Free coupe des lignes ADSL Freebox avant l’heure : 60 Millions de consommateurs critique… mais reconnaît que c’est légal
Des abonnés Freebox ADSL voient leur accès internet interrompu avant même la fermeture officielle du réseau cuivre. Une décision critiquée par 60 Millions de consommateurs, qui estime qu’elle place certains foyers dans une situation compliquée. Mais juridiquement, Free reste dans son droit.
La disparition progressive du réseau cuivre est enclenchée partout en France et doit s’achever d’ici 2030. Pourtant, certains abonnés Free n’attendront pas cette échéance. L’opérateur a commencé à mettre fin à certaines lignes ADSL avant l’arrêt officiel du réseau, suscitant l’incompréhension de clients parfois sans solution immédiate de remplacement. Le sujet est parvenu aux oreilles de 60 Millions de consommateurs, qui rapporte le cas de plusieurs abonnés ayant reçu un message annonçant la coupure de leur ligne sous un mois seulement.
Cette décision ne concerne pas l’ensemble des clients ADSL de Free mais les abonnés situés dans des zones dites non dégroupées, qui représentent une part limitée du parc national. Dans ces secteurs, Free loue l’accès au réseau cuivre d’Orange pour fournir son service internet, avec des coûts jugés plus élevés que dans les zones où l’opérateur exploite davantage ses propres équipements. Le problème soulevé par l’association de consommateurs est ailleurs : dans certaines communes concernées, la fibre n’est toujours pas disponible et le réseau cuivre n’est pas encore officiellement fermé.
Des abonnés peuvent donc se retrouver avec une ligne résiliée… sans solution immédiate. Un témoignage relayé par 60 Millions de consommateurs évoque même une situation de stress pour certains foyers qui utilisent internet pour gérer leurs démarches administratives ou leur quotidien. Pour autant, l’association rappelle que la démarche de Free reste conforme au cadre contractuel.
Interrogé par 60 Millions de consommateurs, Thomas Gonçalves, juriste à l’Institut national de la consommation (INC), explique : « il faut que Free respecte le délai de préavis qu’il impose lui-même aux consommateurs lorsqu’ils résilient leur forfait ».

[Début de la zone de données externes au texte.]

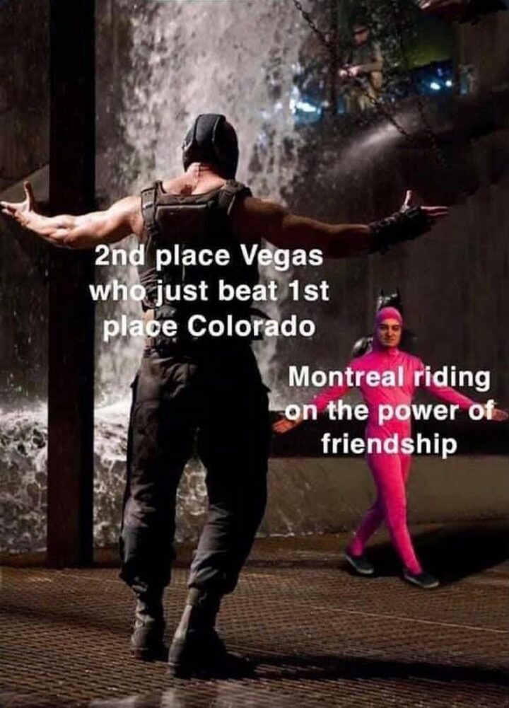 “2nd Place Vegas Golden Knights who just beat 1st place Colorado Avalanche. Montreal Canadiens riding on the power of friendship.”

Les offres Free étant sans engagement, l’opérateur peut légalement décider d’y mettre fin à condition de respecter ce préavis. En prévenant ses abonnés au moins un mois avant la coupure, Free reste donc juridiquement dans les clous. Autrement dit : la décision est contestée sur le fond, mais pas illégale.
Les abonnés concernés ne sont pas forcément condamnés à rester sans internet
Le point important rappelé par l’Arcep concerne la disponibilité du réseau cuivre tant qu’il n’est pas officiellement fermé. Le régulateur rappelle en effet que, dans une zone où la fermeture commerciale du cuivre n’a pas encore été prononcée, les utilisateurs doivent normalement pouvoir continuer à souscrire une offre auprès du propriétaire historique du réseau. Dans les faits, cela signifie qu’Orange peut encore ouvrir une ligne ADSL dans certaines communes concernées, même si la fibre n’est pas encore arrivée.

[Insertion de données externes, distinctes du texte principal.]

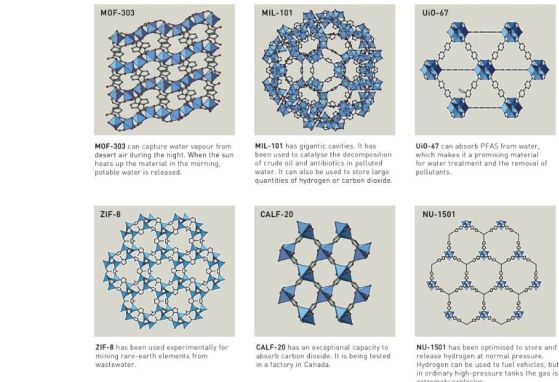 Фигура 7. MOF-303 може да улавя водни пари от пустинния въздух през нощта. Когато слънцето нагрява материала сутрин, се освобождава питейна вода. ZIF-8 е използван експериментално за добив на редкоземни елементи от отпадъчни води. MIL-101 има гигантски кухини. Използван е за катализиране на разлагането на суров петрол и антибиотици в замърсена вода. Може да се използва и за съхранение на големи количества водород или въглероден диоксид. CALF-20 има изключителен капацитет да абсорбира въглероден диоксид. Тества се във фабрика в Канада. UiO-67 може да абсорбира PFAS от вода, което го прави обещаващ материал за пречистване на вода и отстраняване на замърсители. NU-1501 е оптимизиран за съхранение и освобождаване на водород при нормално налягане. Водородът може да се използва за гориво на превозни средства, но в обикновените резервоари за високо налягане газът е изключително експлозивен. Кредит: Johan Jarnestad/The Royal Swedish Academy of Sciences

C’est précisément ce qu’a obtenu une lectrice citée par 60 Millions après avoir essuyé plusieurs refus. Contacté par le magazine, Orange a confirmé qu’une souscription ADSL restait possible dans sa commune, où le déploiement de la fibre n’est prévu qu’en 2027. L’opérateur historique rappelle toutefois que ses conseillers peuvent aussi orienter les clients vers d’autres technologies disponibles comme la 4G fixe, la 5G ou le satellite.